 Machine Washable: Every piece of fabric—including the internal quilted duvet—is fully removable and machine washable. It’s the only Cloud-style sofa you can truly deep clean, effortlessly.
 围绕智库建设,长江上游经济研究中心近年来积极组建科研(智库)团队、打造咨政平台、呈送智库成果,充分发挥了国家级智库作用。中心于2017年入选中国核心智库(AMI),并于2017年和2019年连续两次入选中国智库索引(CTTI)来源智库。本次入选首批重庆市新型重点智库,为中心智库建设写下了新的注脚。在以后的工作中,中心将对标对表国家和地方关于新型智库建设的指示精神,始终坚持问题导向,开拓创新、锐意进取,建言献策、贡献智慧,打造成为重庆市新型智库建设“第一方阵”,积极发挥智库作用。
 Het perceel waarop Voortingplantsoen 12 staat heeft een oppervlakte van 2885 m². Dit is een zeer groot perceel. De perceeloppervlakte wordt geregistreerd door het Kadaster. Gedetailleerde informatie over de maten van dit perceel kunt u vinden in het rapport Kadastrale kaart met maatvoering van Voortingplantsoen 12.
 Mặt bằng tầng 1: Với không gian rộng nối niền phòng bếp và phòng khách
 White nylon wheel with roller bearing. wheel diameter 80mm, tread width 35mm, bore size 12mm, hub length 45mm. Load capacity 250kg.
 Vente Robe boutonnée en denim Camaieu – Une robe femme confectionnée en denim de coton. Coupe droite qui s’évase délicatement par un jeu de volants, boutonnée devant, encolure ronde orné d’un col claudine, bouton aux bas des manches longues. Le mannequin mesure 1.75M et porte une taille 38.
☆ ☆ ☆ ☆ ☆
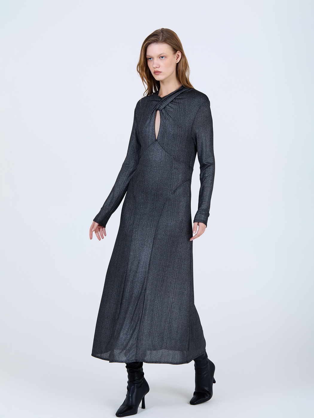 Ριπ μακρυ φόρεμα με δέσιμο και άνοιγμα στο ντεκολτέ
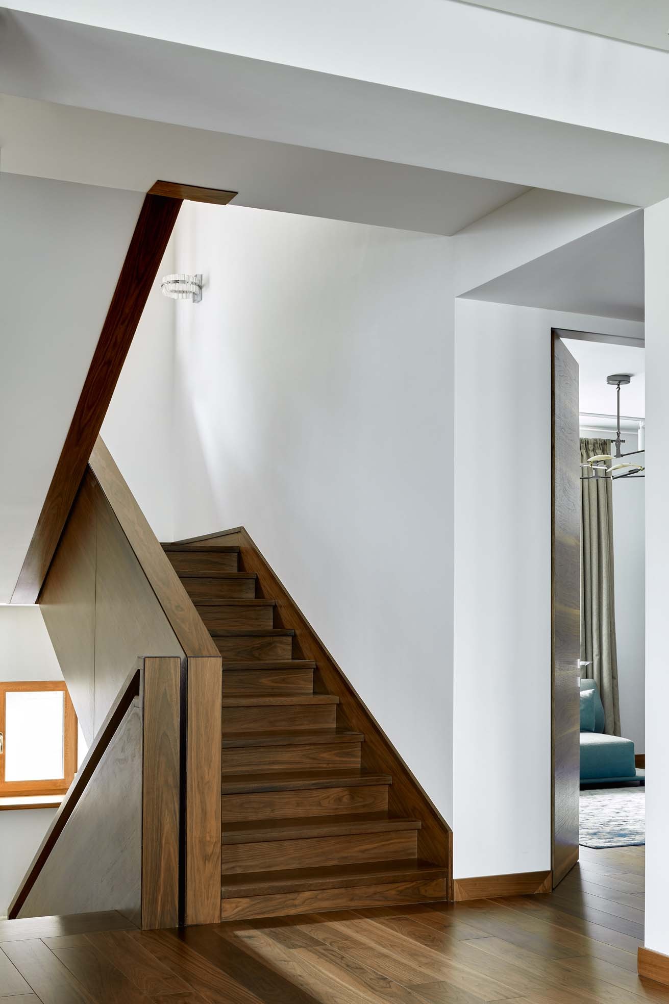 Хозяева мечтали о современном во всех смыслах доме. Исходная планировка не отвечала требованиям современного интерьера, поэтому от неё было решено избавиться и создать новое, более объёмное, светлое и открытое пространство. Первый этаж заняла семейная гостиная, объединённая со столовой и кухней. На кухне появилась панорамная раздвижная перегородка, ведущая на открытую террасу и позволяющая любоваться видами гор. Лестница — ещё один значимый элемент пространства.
☆ ☆ ☆ ☆ ☆
_Exercise_. Repeat exactly the lines of the listing above, from the one with "Machine Washable: Every" down to the one with "围绕智库建设,长江上游经济研"; both of those lines belong in the range.

_Solution to the exercise_.
 Machine Washable: Every piece of fabric—including the internal quilted duvet—is fully removable and machine washable. It’s the only Cloud-style sofa you can truly deep clean, effortlessly.
 围绕智库建设,长江上游经济研究中心近年来积极组建科研(智库)团队、打造咨政平台、呈送智库成果,充分发挥了国家级智库作用。中心于2017年入选中国核心智库(AMI),并于2017年和2019年连续两次入选中国智库索引(CTTI)来源智库。本次入选首批重庆市新型重点智库,为中心智库建设写下了新的注脚。在以后的工作中,中心将对标对表国家和地方关于新型智库建设的指示精神,始终坚持问题导向,开拓创新、锐意进取,建言献策、贡献智慧,打造成为重庆市新型智库建设“第一方阵”,积极发挥智库作用。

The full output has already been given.